When in doubt, drink a known neutral mixture. This is one of the things having your own drop-bag is essential for. Your drop-bag is a reliable source for controlled-ratio mixtures. If you have a crew, then your bottles need to be marked clearly and your crew instructed clearly which-is-which, and when to hand you what. If you’re in a stupor, your crew needs to figure out if it’s from hypoxia, dehydration, hyponatremia, or low blood sugar.
(As for the latter, have any of you considered using a diabetic glucose tester in the later stages of a race to see if you're heading toward a glycemic crash?)

Many of us have finished a race during summer months and after our sweat dries, we’re covered by a comical streaking of white salt. It might be worth it, to judge the quantity of salt you’re expending, to open an electrolyte capsule and spread the powder on your clean, dry arm. See how much surface-area the contents will cover, leaving it as white and thick as you usually are at the end of these events. Then extrapolate for your body. THAT is how many electrolyte capsules you have coating your body. And that is how much more salt you need to consume (in addition to the usual urine) during a race to stay neutral.

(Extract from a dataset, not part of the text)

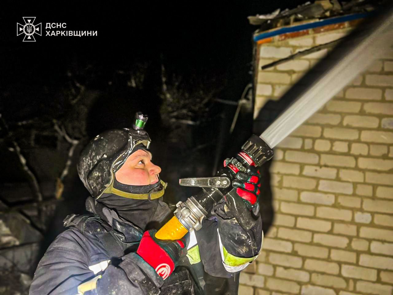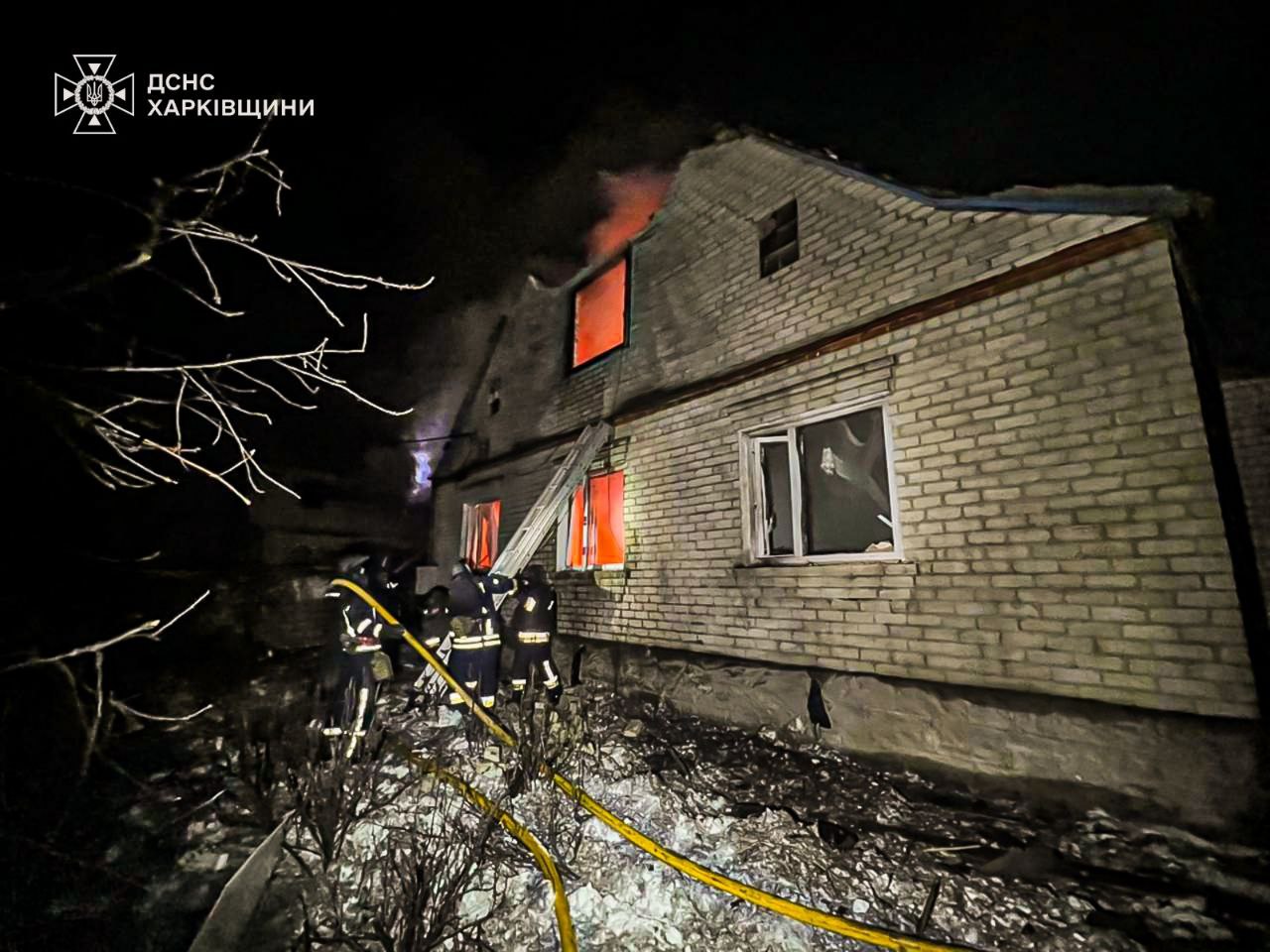 Так, у селі Мартове Чугуївського району ворожий БпЛА влучив у житловий будинок, спричинивши пожежу площею 150 м кв. Постраждало 3 людини.

Some of us sweat more than others because we’re all pushing at different intensities, and some of us have lower conditioning. An elite runner won’t burn as many calories to go the same distance, even at a faster pace. Fewer calories means less heat (byproduct of calorie-burn is heat) which in turn means less sweating, which means less breathing, lower rate of dehydration, and less loss of electrolytes. The worse shape you’re in, the more you hemorrhage electrolytes, water, and calories, and the more you build lactic acid. Even small reductions in weight and increases in systemic efficiency have a significant difference in the snow-balling long-term effect it has on your physiology. The lower your rates of expenditure, the easier it is to stay on top of your rates, levels, and ratios. When you end up with a deficit, it can cause serious problems, which lead to DNFs and/or much slower finish-times and unnecessary pain. Add to that, the first-place runners only have to be on their feet for half the time that last-place runners are out there.

Everyone has different strategies for maintaining optimal ratios and levels. Some prefer to keep everything separated into measured doses so they can count calories, electrolytes, and water ounces accurately. Some people can’t do math very well during a race and insist on drinking pre-mixed isotonics. Some drink isotonics without any calories, and then eat measure calories. The simplest way of all, is to mix isotonic sport drinks with adequate calories such that you don’t have to eat anything nor take any electrolyte supplements, but that tends to leave a slight mucous in your mouth. You might not be bothered by such a thing walking around town, but during a race, it’s bothersome. Most racers seem to prefer sport drink that is half-strength, and then eat some food and take some electrolyte supplements.

If you have a history of bad race experiences where you just can’t seem to nail the ratios or levels, there is something you can do.
Warning, this is gross, but it is clinically sound…
At the point of collapse, at the end of your rope, pee into a bottle – like an empty sport-drink bottle. Try to fill either a full quart, or exactly half a quart. Then let it evaporate. When all the water is gone, what is left is mostly salt, including ammonia salts and phosphate soda. Remember blood has about 2tsp of salt per quart (~10gms/qt). Pee reflects what your blood was like at the end of the race. If there’s less than 2tsp/qt, then you needed more electrolyte supplements. If there’s more than that, you took too much.
You can use a scale designed for light-accurate measurements, like a digital food scale that can flip from ounces to grams. Measure the whole bottle with the dried contents, then record the weight. Next, clean and dry the bottle thoroughly and weigh it again. After subtracting your bottle weight, you should have an accurate weight for salt. Then finish by multiplying, if you needed, to extrapolate a full quart.
Don’t ever forget the lesson from the sea – no matter how much sea water you drink, you will die of dehydration. If you pop electrolyte supplements like candy, you are basically drinking sea water and your body will react accordingly.